Jeder kann online zum Forscher werden

248 Burgen standen bis zum ausgehenden Mittelalter im Rheinland. Daneben sind zahlreiche Gebäude, Straßen und Militär-Standorte noch unentdeckt.

Auf der Internetseite www.tim-online.nrw.de können sich Interessierte auf die Suche begeben. Dort kann man eine Karte öffnen, bis der Wohnort erkennbar wird.

„Dravewinkel - Eine vergessene Burg der Grafen von Kleve in Wesel“ - der Titel des Referates versprach Spannung und so wunderte es wenig, dass der Vortragsraum komplett besetzt war. Gleich zu Beginn kamen die Besucher aus dem Staunen nicht mehr heraus. Etwa als Bruns seine Recherchequelle, eine öffentlich zugängliche Internetseite des Landes NRW, offenlegte. Diese Website bietet neben herkömmlichen Straßenkarten eine ganz spezielle Sicht auf die Städte, Dörfer und Landschaften. Möglich macht dies das „Airborne Laserscanning“, welches in weiten Teilen die herkömmlichen Luftbildaufnahmen abgelöst hat.

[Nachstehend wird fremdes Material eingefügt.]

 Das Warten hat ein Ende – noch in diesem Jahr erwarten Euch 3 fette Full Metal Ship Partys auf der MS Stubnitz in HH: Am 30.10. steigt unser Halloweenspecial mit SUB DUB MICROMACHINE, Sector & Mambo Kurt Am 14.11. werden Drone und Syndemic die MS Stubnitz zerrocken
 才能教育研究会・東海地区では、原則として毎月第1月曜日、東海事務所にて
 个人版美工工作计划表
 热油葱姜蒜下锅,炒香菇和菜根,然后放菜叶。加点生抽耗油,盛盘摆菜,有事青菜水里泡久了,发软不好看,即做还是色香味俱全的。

Ein kleiderschrankgroßer Scanner, unter einem Flugzeug oder Hubschrauber befestigt, tastet das Terrain ab und erstellt auf diese Weise eine topografische Karte von nie dagewesener Genauigkeit. Selbst kleinste Vertiefungen im Boden wie beispielsweise Ackerfurchen werden dadurch sichtbar. „Das Beste daran ist aber, dass es mit dieser Methode erstmals möglich ist, den Waldboden sichtbar zu machen“, erklärte Bruns, hauptberuflich Diplom-Heilpädagoge.

Auf diesen Karten, die wie Reliefzeichnungen anmuten, zeigte Bruns dem Publikum die Umrisse eines niederländischen Militärlagers aus dem 17. Jahrhundert bei Flüren, Gräberfelder aus der vorchristlichen Zeit im Bislicher Wald oder eine weitere Burg in der Lühler Heide nahe Hünxe.

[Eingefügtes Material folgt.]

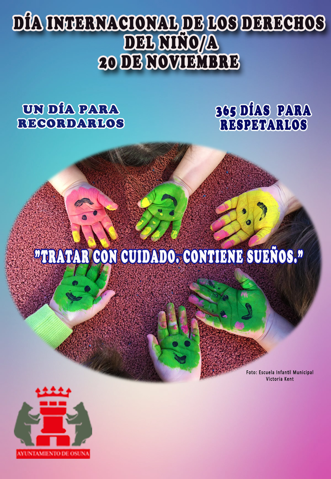 Con motivo del Día Mundial de la Infancia, que se conmemora el 20 de noviembre, desde el Ayuntamiento de Osuna se han organizado un conjunto de actividades coordinadas entre todas aquellas áreas municipales relacionadas con el mundo y los derechos de los niños y niñas, como son las delegaciones de Servicios Sociales, Educación, Cultura y Deporte.

Dann wanderte Bruns auf der Karte auf eine Stelle östlich von Wesel an der Lippe. „Erkennen sie die Burg Dravewinkel?“, fragte er in die Runde. Gewusst wie ist vieles einfacher, und so verwundert es wenig, dass die meisten der Anwesenden nickten. Deutlich waren die Umrisse der Schutzmauer und der Turm in der Mitte zu erkennen. So deutlich, dass sich viele fragten, warum Wesels vergessene Burg nicht eher entdeckt worden ist.

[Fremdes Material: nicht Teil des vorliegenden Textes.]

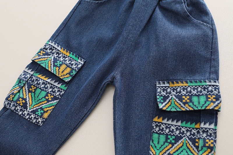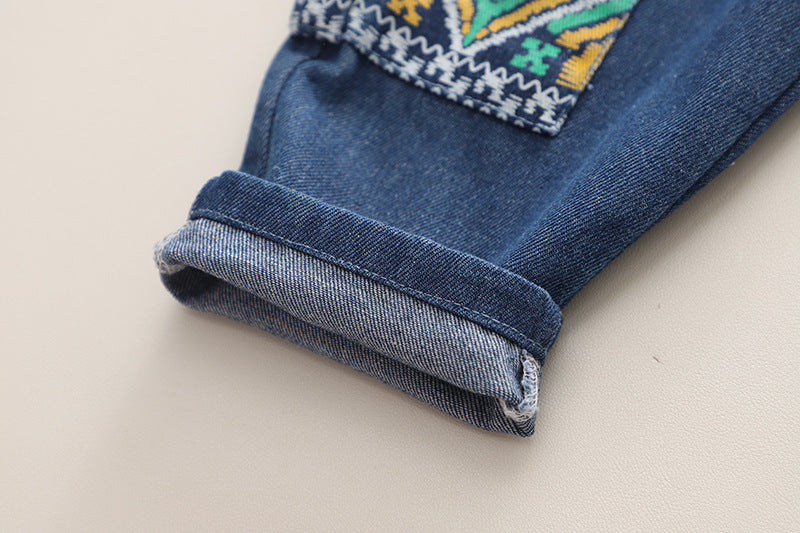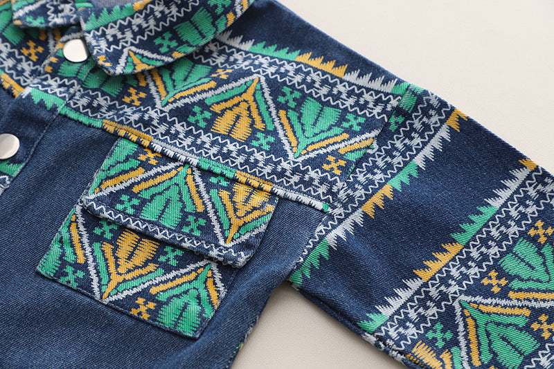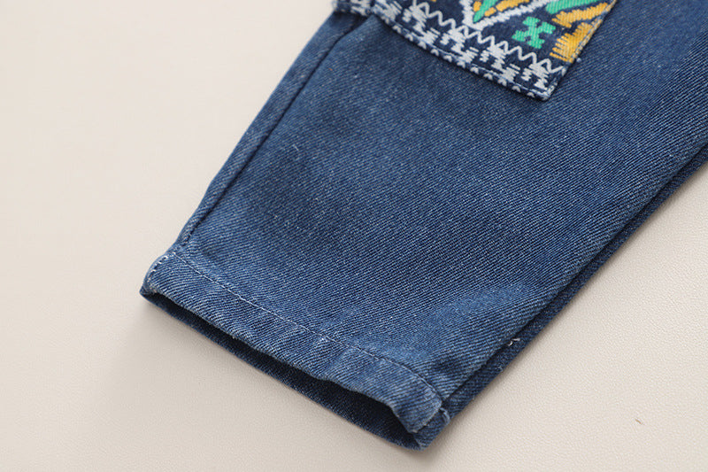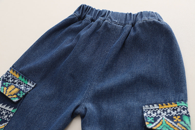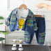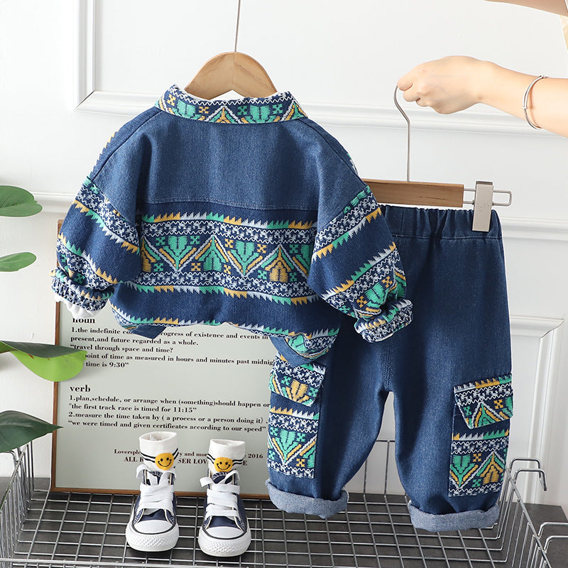 RM231223-7 طقم جينز ولادي 3 قطع ( بلوزة قطنية + جكيت جينز + بنطلون جينز )

Ruine bis in die 1830er Jahre

„Mit der Sichtung auf der Karte weiß man noch lange nicht, um was es sich handelt“ erklärte Bruns, der Inhaber des LVR-Rheinlandtalers ist. Auf der Suche nach historischen Quellen wurde er in Wesels Bücherei fündig. Insgesamt fünf historische Nachweise für die Existenz von Burg Dravewinkel konnte er dort entdecken. Darin wurde bestätigt, dass der Grafensitz im Zeitraum zwischen 1255 und 1345 bewohnt war und später nach und nach verfiel. Dass die Ruine der Burg tatsächlich noch bis in die 1830er Jahre bestanden haben muss, belegen zwei Zeichnungen des Landschaftsmalers Heinrich Funk. Sie zeigen eine offensichtlich funktionstüchtige Windmühle innerhalb der Schlossruine.